Omit the images and output every line of the data below exactly.

(EXERCISE DATA begins)

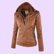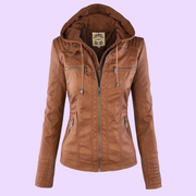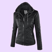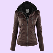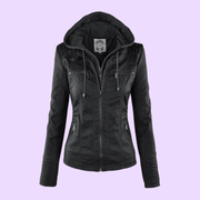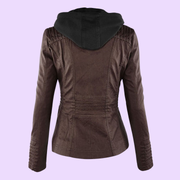 Women’s Weatherproof Leather Jacket with Removable Hood
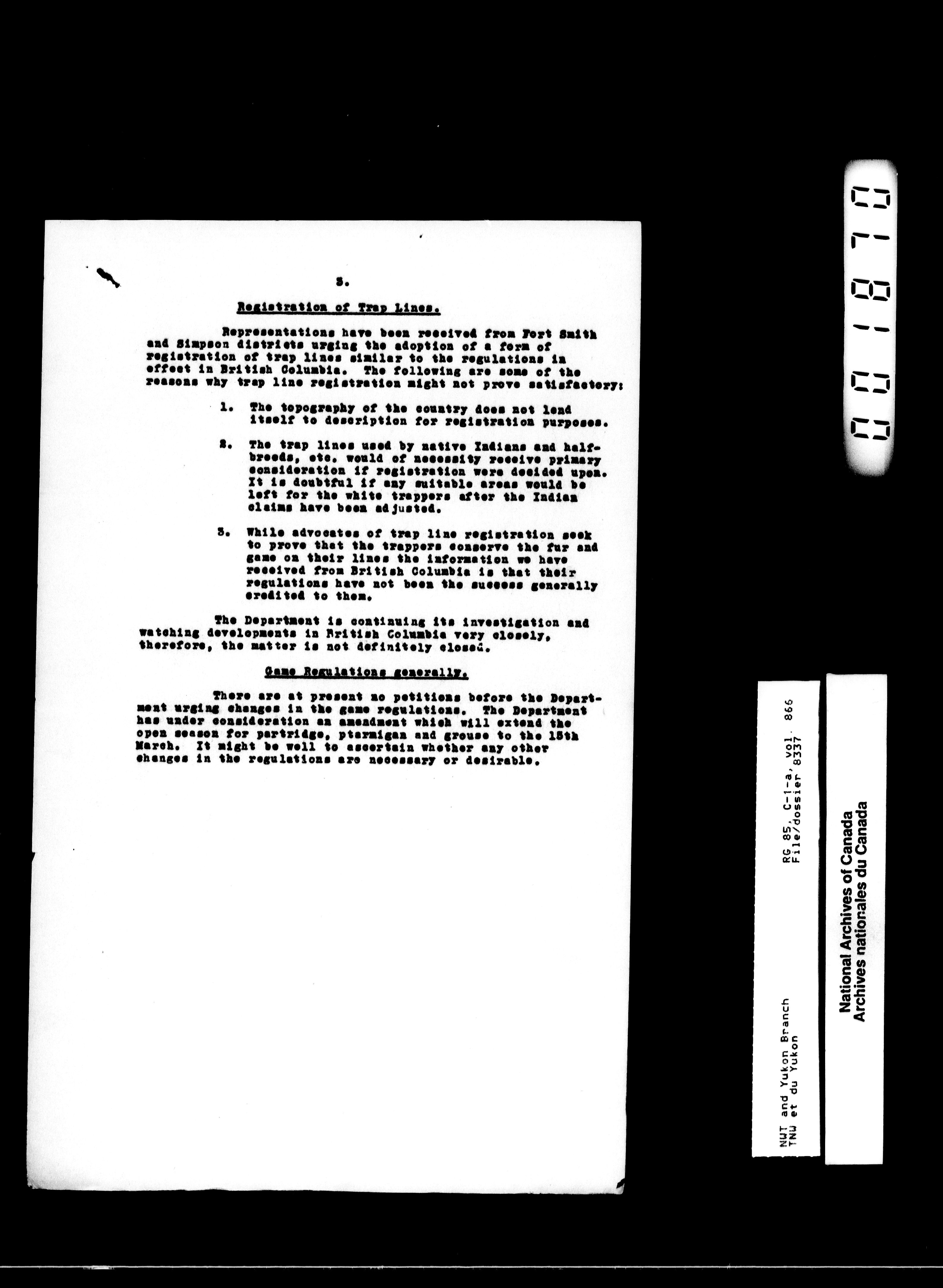 Department of Indian Affairs : Northwest Territories and Yukon Branch, Central Registry files - 13359
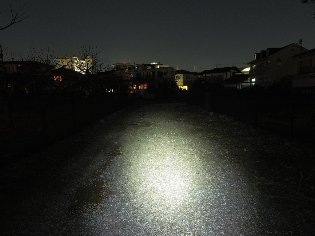 VOLT300 とて相当明るいのですが、その明るさは比較的中央部に絞られます。その点、VOLT800 は明るい範囲が広がり、道路の視認性が飛躍的に向上しているのがわかると思います。
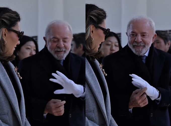 이 영상에는 룰라 대통령이 지난 23일 오전 국립서울현충원에 방문했을 당시 참배 전 장갑을 착용하다가 새끼손가락이 없는 왼손 장갑을 보고 놀라는 모습이 담겼습니다. 왼쪽 장갑에 새끼손가락이 없는 것을 확인한 룰라 대통령은 미소 지으며 옆에 있던 아내 호잔젤라 다 시우바 여사에게 이를 보여줍니다.

(EXERCISE DATA ends)

→ **SOLUTION**:
 Women’s Weatherproof Leather Jacket with Removable Hood
 Department of Indian Affairs : Northwest Territories and Yukon Branch, Central Registry files - 13359
 VOLT300 とて相当明るいのですが、その明るさは比較的中央部に絞られます。その点、VOLT800 は明るい範囲が広がり、道路の視認性が飛躍的に向上しているのがわかると思います。
 이 영상에는 룰라 대통령이 지난 23일 오전 국립서울현충원에 방문했을 당시 참배 전 장갑을 착용하다가 새끼손가락이 없는 왼손 장갑을 보고 놀라는 모습이 담겼습니다. 왼쪽 장갑에 새끼손가락이 없는 것을 확인한 룰라 대통령은 미소 지으며 옆에 있던 아내 호잔젤라 다 시우바 여사에게 이를 보여줍니다.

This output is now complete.